Serratia marcescens Endonucleasi Buffer
50 mM Tris-HCl
2 mM MgCl2
Regolare il pH 8,5 con 4 M NaOH.
Proteinasi K tampone 10x
100 mM Tris-HCl a pH 8.0
pH di 100 mM EDTA 8.0
5% SDS
2 x soluzione alcalina
800 mM NaOH
20 mM EDTA
20 x SSC (1 L)
175,3 g NaCl
88,2 g sodio citrato tribasico (Na3C6H5O7)
Soluzione di Denhardt 100 x (50 mL)
1 g albumina bovina (frazione V) Nota: Il filtro è fondamentale al fine di rimuovere le particelle piccole come causano segnali di ibridazione di fondo.
1 g 400 di Polysucrose
1g polivinilpirrolidone
Sciogliere in 20 mL di acqua in una vasca di acqua di 55 ° C.
Regolare il volume finale di 50 mL.
Filtro-sterilizzare con un filtro di 0,22 μm.
Tampone di ibridazione
1% SDS Nota: Il tampone di ibridazione di Store a 4 ° C e calore a 65 ° C in un prima vasca acqua di usarla.
6 x SSC
Soluzione di Denhardt: 5x
10 mM Tris-HCl a pH 8.0
Tampone di lavaggio
0,1% SDS
0.1 x SSC
Soluzione di polyethylenimine (PEI) (1 mg/mL, 500 mL)
Aggiungere 500 mg PEI in 450 mL di acqua e mescolare. Nota: Per una conservazione più lunga, è consigliabile-80 ° C.
Aggiungere HCl concentrato per portare il pH down a < 2.0 per sciogliere PEI (circa 800 µ l di HCl sarà richiesto).
Aggiungere 10 M NaOH per portare il pH fino a 7.0 (circa 500 µ l di 10 M NaOH sarà richiesto).
Regolare il volume a 500 mL di acqua.
Filtro-sterilizzare con un filtro di 0,22 μm.
Aliquotare e conservare a-20 ° C.
Fenolo-cloroformio (miscela 1:1) per macchiare del puntino quantitativa
Aggiungere tampone saturo fenolo (pH 8.0) e cloroformio con un rapporto di 1:1 in un tubo conico in polipropilene da 50 mL. Nota: Il buffer che copre lo strato organico, se lasciato nel tubo, possa essere riportato nelle provette campione attraverso il pipettaggio e può rendere il test inesatti.
Vortice del tubo energicamente per mescolare.
Consentire per separazione di fase mediante centrifugazione e quindi rimuovere completamente lo strato acquoso.
Conservare a 4 ° C.

Tabella 1: soluzione e ricette del Buffer. Ricette per le soluzioni e buffer necessari per completare il punto quantitativo della macchia protocollo.
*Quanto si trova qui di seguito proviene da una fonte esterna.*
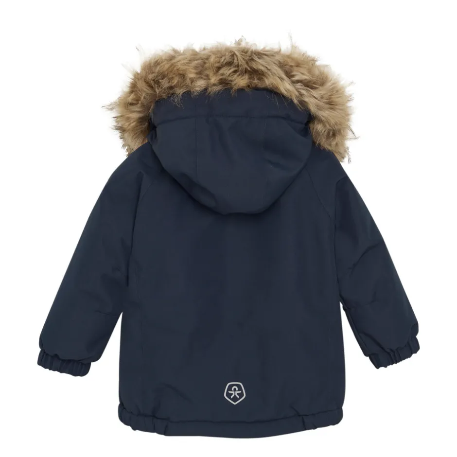 Varm parka-jakke i slidstærkt materiale – perfekt til vinterens udfordringer. Jakken er fremstillet af et robust og delvist genanvendt materiale, der er både åndbart, vind- og vandtæt. Dit barn kan derfor trygt lege ude i regn, sne og blæst uden at blive koldt eller vådt. Materialet er testet med en slidstyrke på over 60.000 rubs, har et vandsøjletryk på 10.000 mm og en åndbarhed på 2.000 g/m²/24h.

Plasmide AAP(+) (μg) AAP(-) (μg) Controllo negativo (μg) Controllo di transfezione (μg)
pCMV-AAVx-VP3 0.4 0.4
pCMV-bandiera-AAPx 0.4
pAAV-Reporter 0.4 0.4 0.4
pHLP-Rep 0.4 0.4 0.4
pHelper 0.4 0.4 0.4
pCMV (vuoto) 0.4 0,8
pCMV-GFP 2.0
Totale 2.0 2.0 2.0 2.0

Tabella 2: combinazioni di plasmide per l'analisi di cross-complementazione AAV VP3-AAP eseguita in un formato di piastra a 6 pozzetti. Combinazioni del plasmide DNAs da utilizzarsi per la transfezione delle cellule HEK 293 in ogni gruppo sperimentale sono indicate. pCMV-AAVx-VP3, un plasmide esprimente sierotipo AAV x (x = 1, 2, 3, ecc.) VP3 proteina sotto il rinforzatore di CMV-IE-promotore; pCMV-bandiera-AAPx, un plasmide esprimente sierotipo AAV x (x = 1, 2, 3, ecc.) della proteina AAP sotto il rinforzatore di CMV-IE-promotore; pAAV-Reporter, un plasmide che ha due ripetizioni di terminal AAV2 invertito (ITRs) ed è progettato per la produzione di vettore AAV ricombinante; pHLP-Rep, un plasmide esprimente la proteina Rep AAV2; pHelper, un plasmide di helper dell'adenovirus; pCMV (vuoto), un plasmide vuoto aggiunto per controllare le condizioni sperimentali; pCMV-GFP, un plasmide esprimente un gene marcatore di fluorescenza (ad es., GFP) per verificare il successo di transfezione. Transfezioni sono condotte in piastre da 6 pozzetti e utilizzano un totale di 2 µ g del plasmide DNAs.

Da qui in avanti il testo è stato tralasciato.